No fui capaz de responder, pero asentí. Me sorprendía la libertad con la que las palabras de Patricia volaban de su boca. Una hermana bautizada y asidua predicadora aceptaba mi nueva orientación sexual con una tolerancia abrumadora. Quise abrazarla, quise preguntarle por qué había tenido que sufrir tanto. Y quise preguntarle qué pensaba de mi. Pero sus ojos eran limpios, bonitos, sinceros y amigables.

—Pero ahora estoy bien —dije, simplificando un puñado de años en una sola frase.

—Se te ve bien. Se te ve tú. Tú, Miriam, que siempre tenías esos ojos tan tristes.

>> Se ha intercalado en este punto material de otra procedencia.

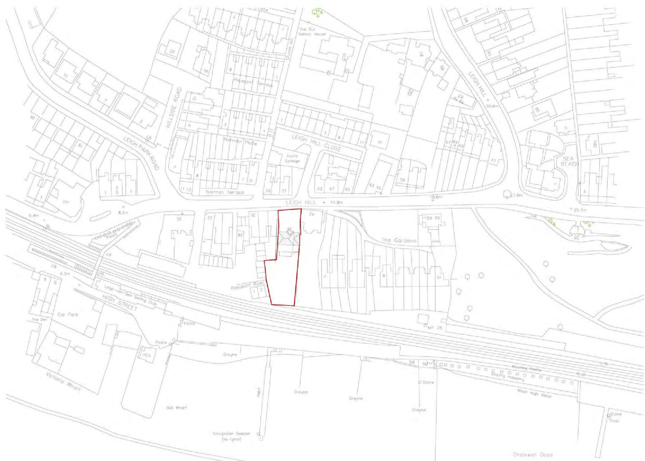
Existing Location Plan - 1:1250
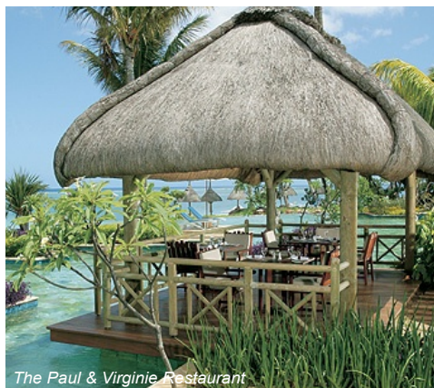
The Paul & Virginie Restaurant
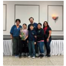
Most Creative Candy: Warner's - S'Mores Truffle
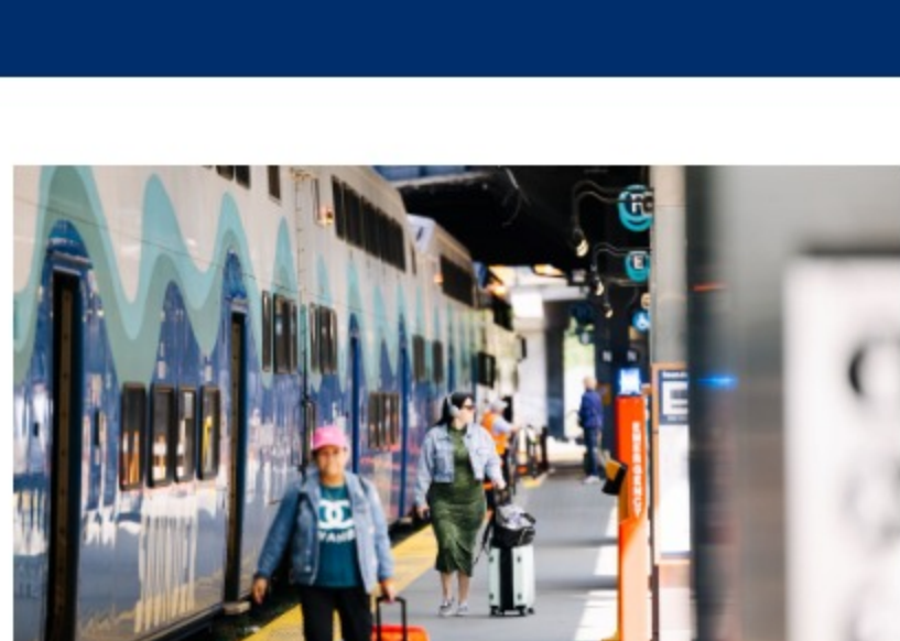
Passengers with luggage walk along the platform at King Street Station.

Sound Transit must balance a range of capital projects for South King and Pierce County subareas with available funding. The Sounder South Platform Extension project, which includes King Street Station, is planned to be completed in 2036, though we are pursuing additional funding sources so that we can deliver these improvements earlier.
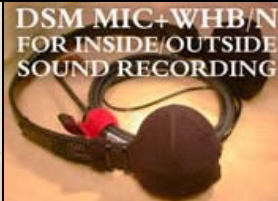
DSM MIC+WHB/N FOR INSIDE/OUTSIDE SOUND RECORDING

Eye-gear/Headband/HRTF Baffle mountable matched omni mics
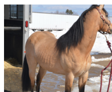
Buck soon after arrival
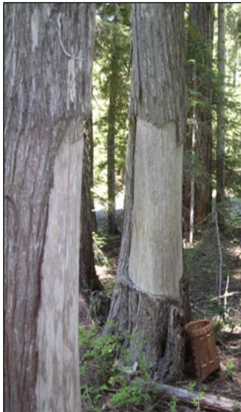
Left and Below: Culturally modified tree and an old carving on an aspen.
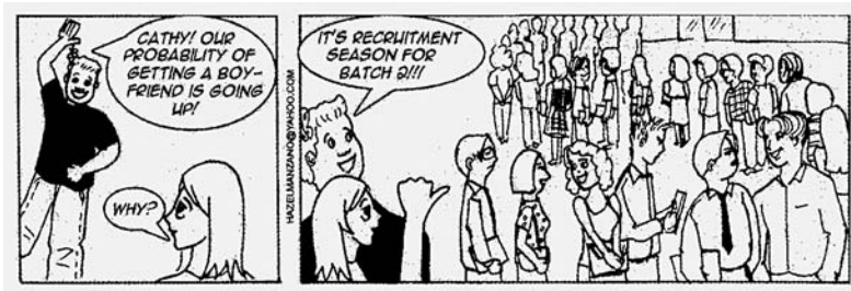
Figure 5.1 Callwork comic strip creator Hazel Manzano illustrates how call centers create opportunities for social, sexual, or romantic encounters between coworkers. (Copyright Hazel Manzano)

employees' perception of their workplace as one where they can seek and find sexual partners with relative ease.

Patricia tenía que irse. También sabía que miró alrededor para ver si alguien nos estaba mirando. Y que volvería a casa con cierto peso en la conciencia por estar hablando con alguien como yo, alguien con quién no debía hablar.

—A ti también se te ve muy bien, Patricia.

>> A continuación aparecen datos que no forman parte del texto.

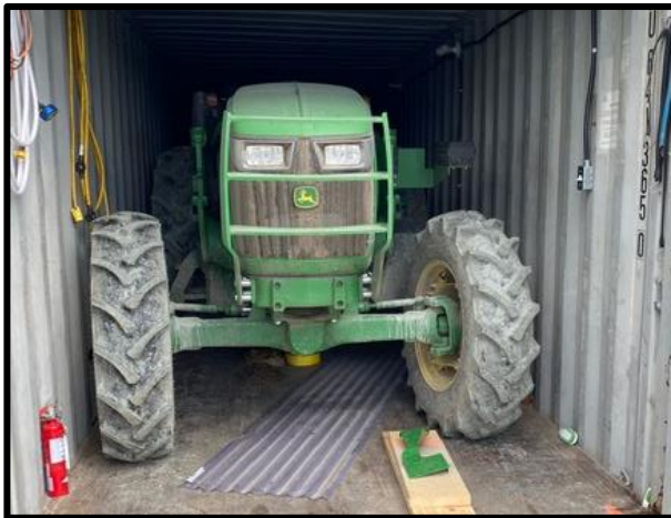
2018 John Deere 5100ELV FWA 1,100 hrs
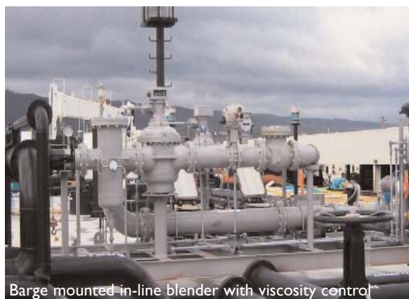
Barge mounted in-line blender with viscosity control

Over the last five years advanced control in-line blending technology has proven to flexibly deliver products, on specification at the lowest cost. This can be achieved with a significant reduction in operating costs and a simultaneously auditable guarantee of quality. Advanced blender control systems in conjunction with developments in mixing, analysis (viscosity, density and sulphur) and improved expertise in the integration of measurement and control equipment have enabled a quantum leap in the application of in-line technology for bunker blending.
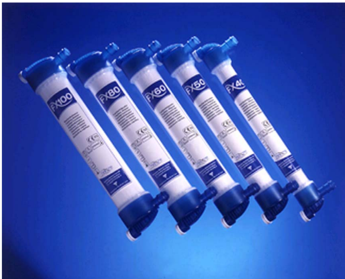
Fig. 2. Contemporary hollow fibre dialysers are available in a variety of sizes to meet differing clinical treatment requirements [Illustration courtesy of Fresenius Medical care, Bad Homburg, Germany.

permeable, yielding high filtration rates at low transmembrane pressures. Furthermore, they could be fabricated to provide good size selectivity, with a molecular cutoff of ca. 50,000 Da. Subsequent modifications of the manufacturing process of cellulose-based membranes have meant that today cellulose membranes are available for use in these therapies.
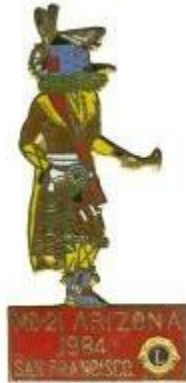
1984 V Large Emblem

—¡Oh! Bueno. Me voy a casar en un mes con un hermano que conozco desde hace unos meses. Se apellida Ferreiro, como el cantante. Así que a partir de ahora seré Patricia de Ferreiro.

Soltó una risita cargada de pena. Otra mujer más, pensé, como yo. Mujeres cristianas, creyentes, sumisas. Casadas. Que perdían su voz y que perdían, incluso, su apellido. Le dije a Patricia que me alegraba mucho y que esperaba que fuera muy feliz. Ella me contestó que lo sería, estaba segura, con la ayuda de Jehová Dios.

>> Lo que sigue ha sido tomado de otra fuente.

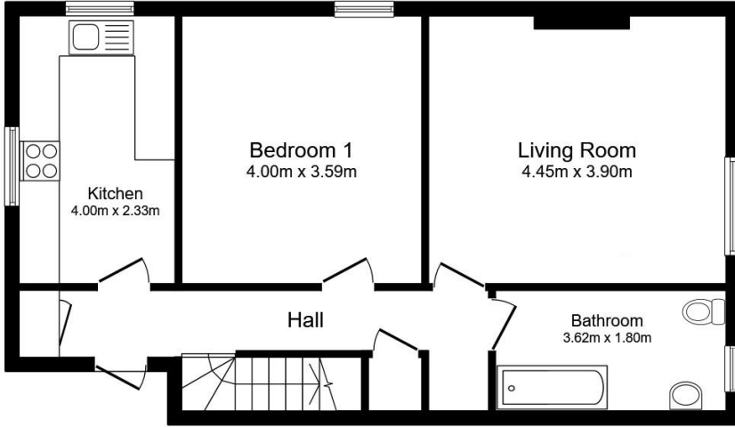
Ground Floor Floor area 60.4 m 2

—A ti también te ayuda, lo sé.

Me despedí con un abrazo más frío que el inicial. Mientras la vi alejarse con su maleta cargada de esperanza religiosa, pensé en que realmente estaba equivocada. A mí nunca me había ayudado ningún Dios. De hecho, prefería que el Todopoderoso excusara de mandarme su misericordia.

Sentí pena al perder de vista a Patricia y noté cómo me escocían los ojos. Me vi reflejada en el escaparate de esa cafetería y, al ser consciente de mi propia metamorfosis, sentí miedo. Y también, el sabor de ser una mujer libre.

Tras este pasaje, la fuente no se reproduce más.